> _Exercise goal_
Output exactly, in the material below, the lines from the one with "Набор включает четыре" through the one with "Ta ut handmaskerna". Omit all pictures.

> _Given records_
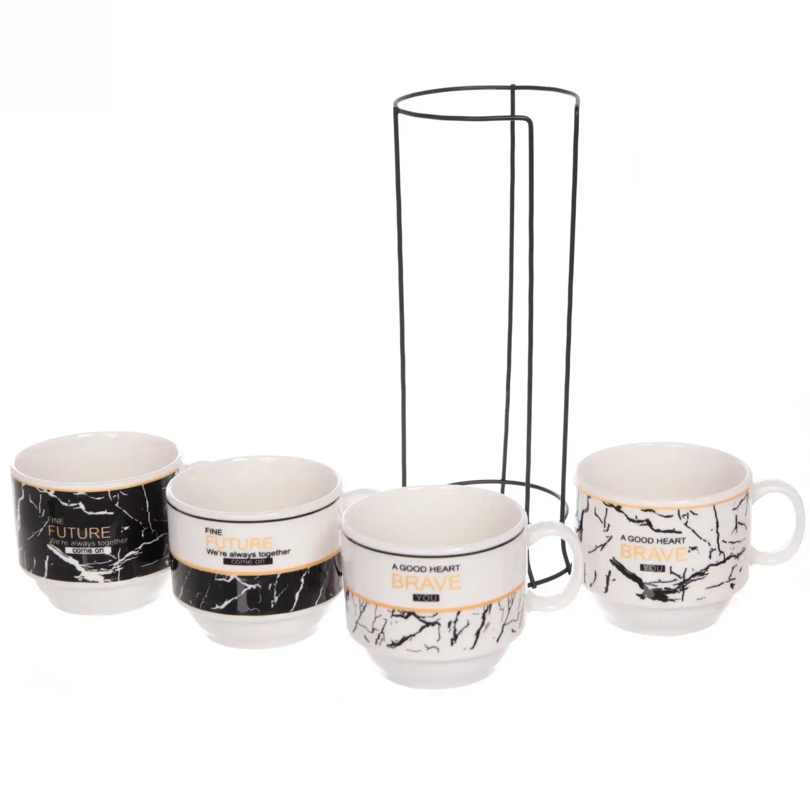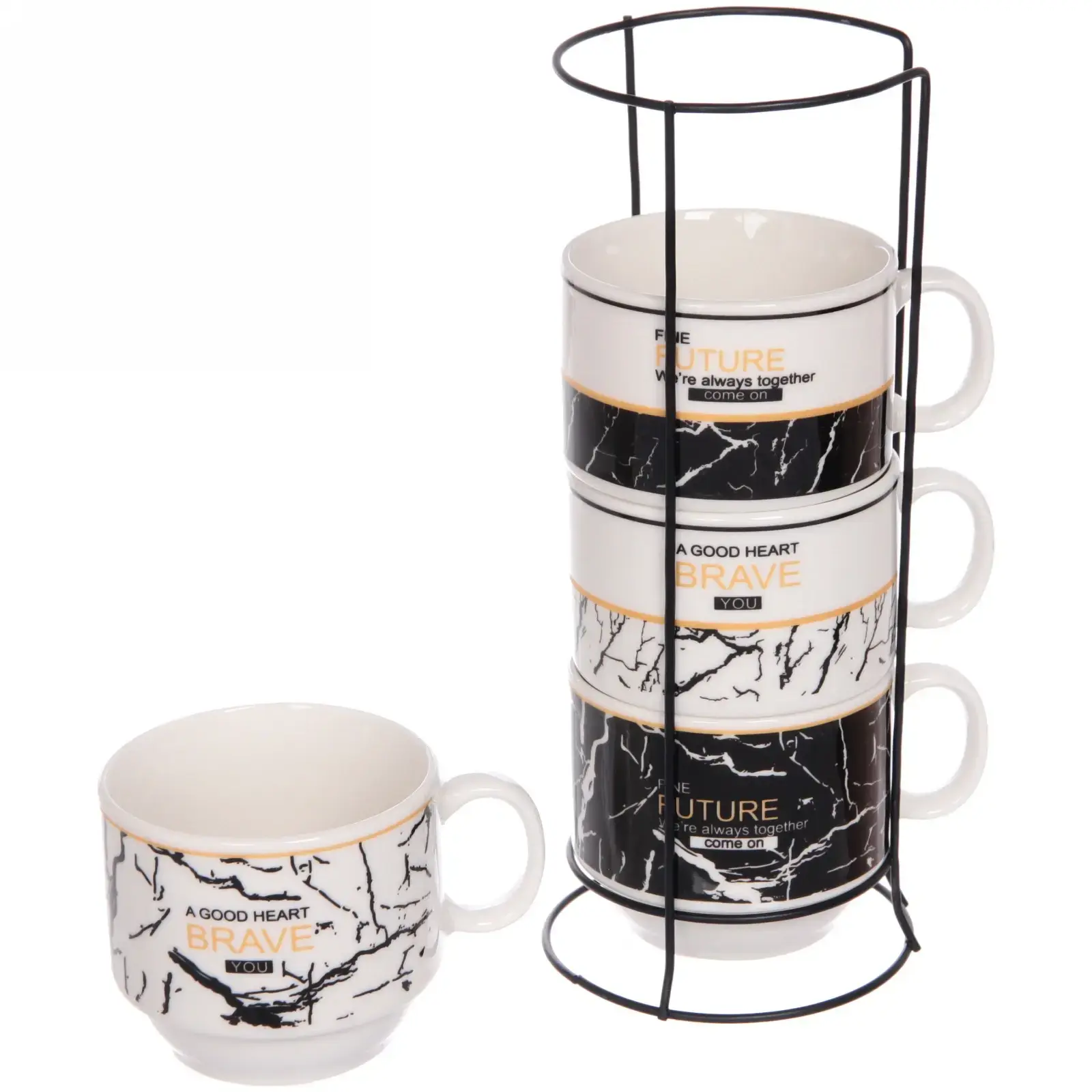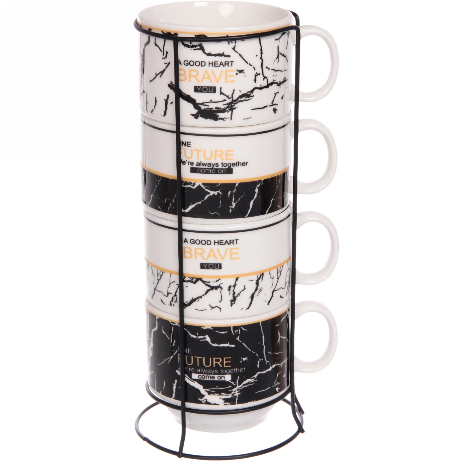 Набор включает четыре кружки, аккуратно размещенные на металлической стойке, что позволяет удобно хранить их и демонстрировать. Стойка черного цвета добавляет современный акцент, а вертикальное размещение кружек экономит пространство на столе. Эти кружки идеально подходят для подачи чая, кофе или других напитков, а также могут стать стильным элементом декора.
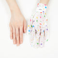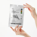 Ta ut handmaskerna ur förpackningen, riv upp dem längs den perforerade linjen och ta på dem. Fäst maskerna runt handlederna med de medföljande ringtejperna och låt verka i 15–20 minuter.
...
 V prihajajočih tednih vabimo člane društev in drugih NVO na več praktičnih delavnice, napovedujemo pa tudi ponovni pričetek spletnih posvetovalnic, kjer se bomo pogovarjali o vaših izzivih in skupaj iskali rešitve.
==
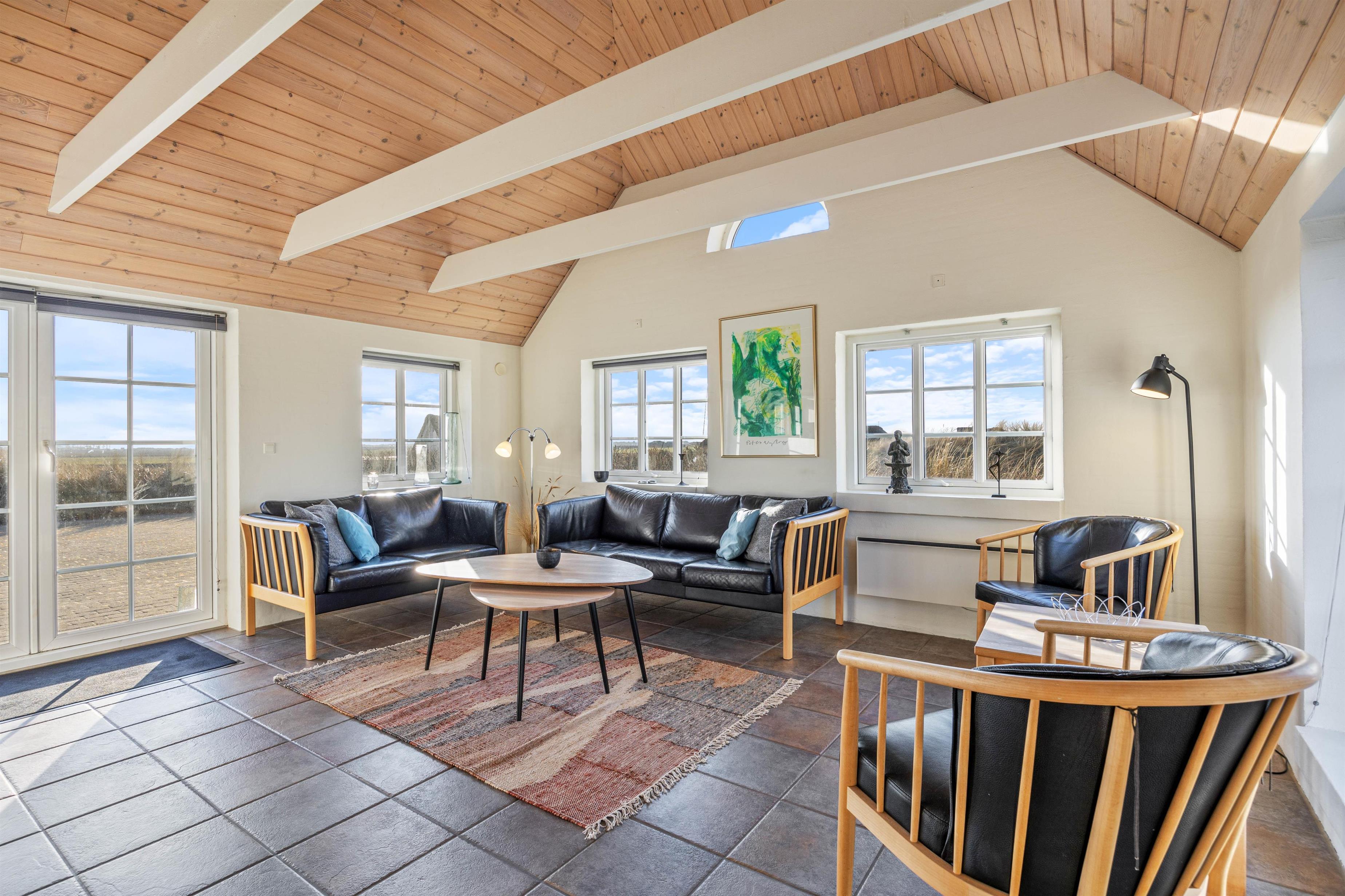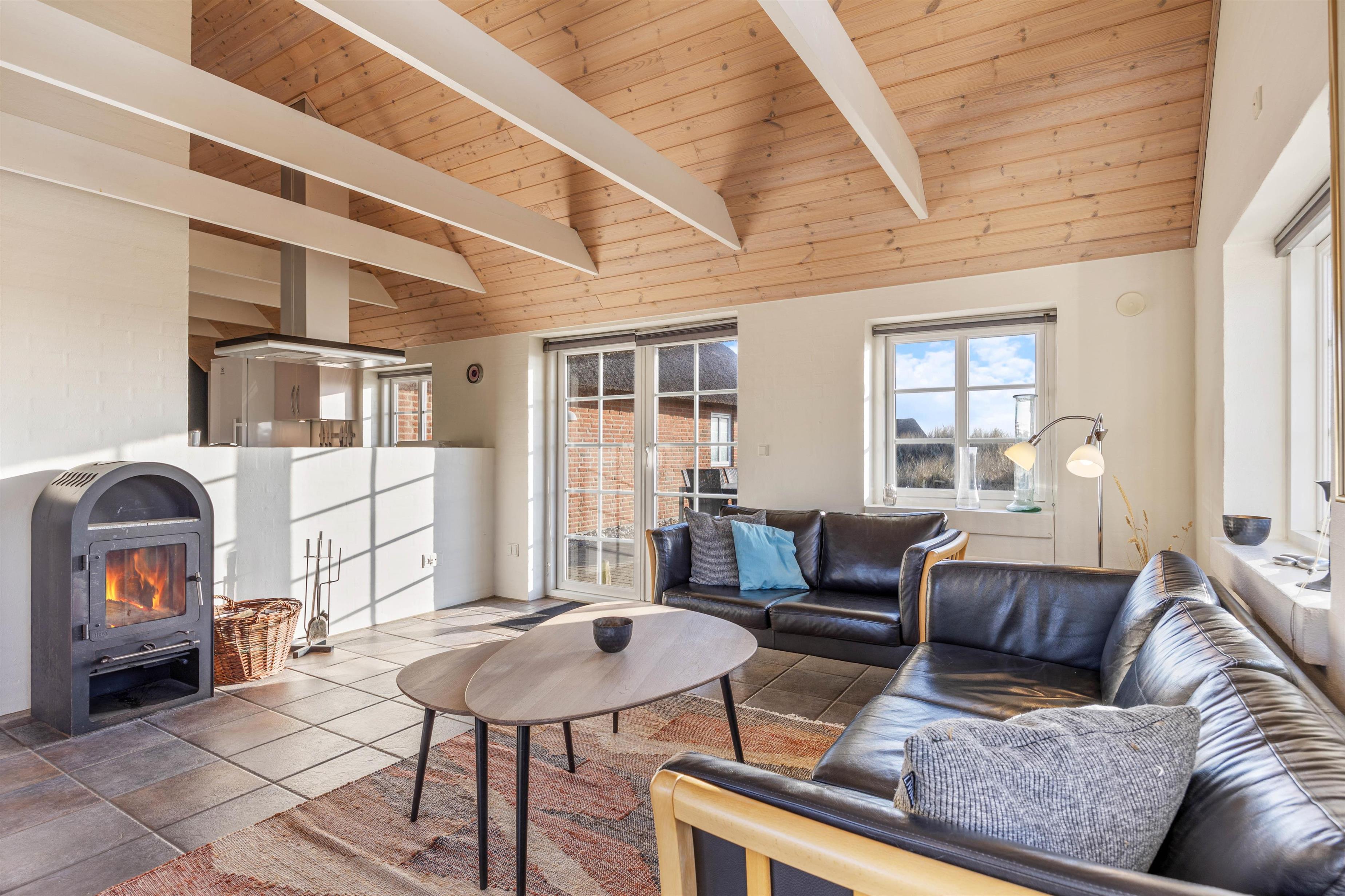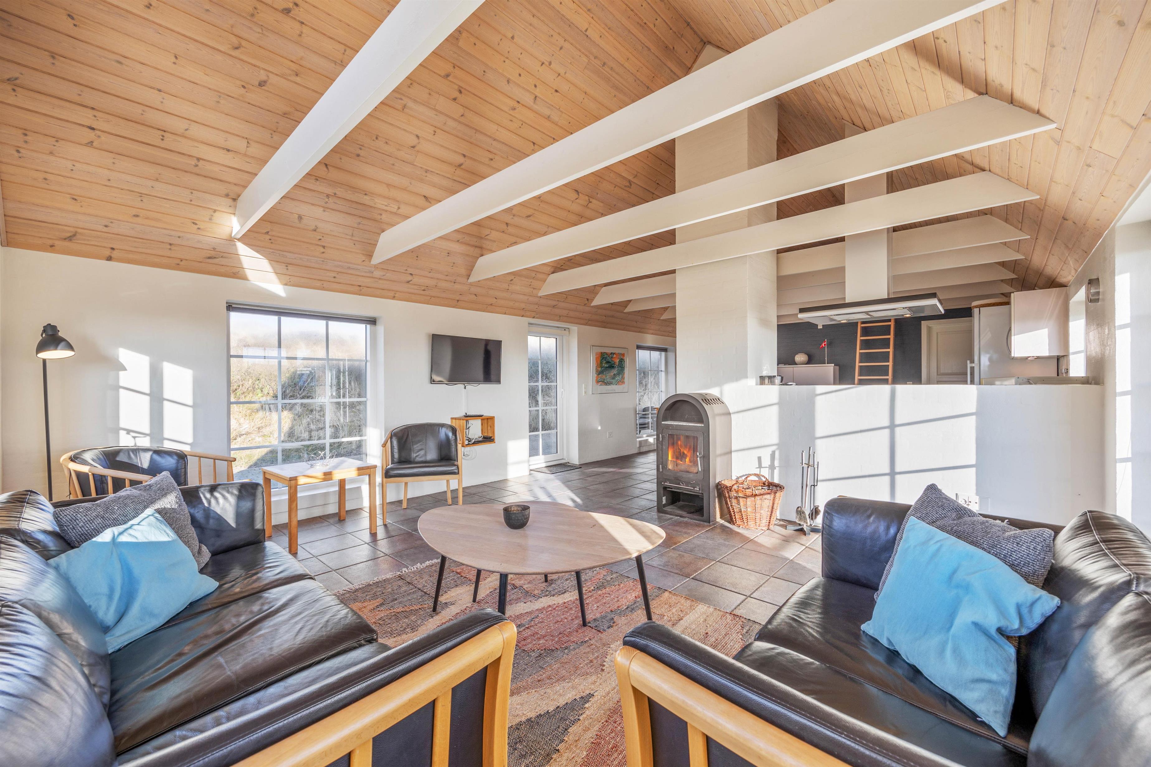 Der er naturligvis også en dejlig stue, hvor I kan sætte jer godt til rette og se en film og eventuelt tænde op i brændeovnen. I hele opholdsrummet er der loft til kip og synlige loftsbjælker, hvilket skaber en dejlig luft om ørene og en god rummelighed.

> _Solution_
 Набор включает четыре кружки, аккуратно размещенные на металлической стойке, что позволяет удобно хранить их и демонстрировать. Стойка черного цвета добавляет современный акцент, а вертикальное размещение кружек экономит пространство на столе. Эти кружки идеально подходят для подачи чая, кофе или других напитков, а также могут стать стильным элементом декора.
 Ta ut handmaskerna ur förpackningen, riv upp dem längs den perforerade linjen och ta på dem. Fäst maskerna runt handlederna med de medföljande ringtejperna och låt verka i 15–20 minuter.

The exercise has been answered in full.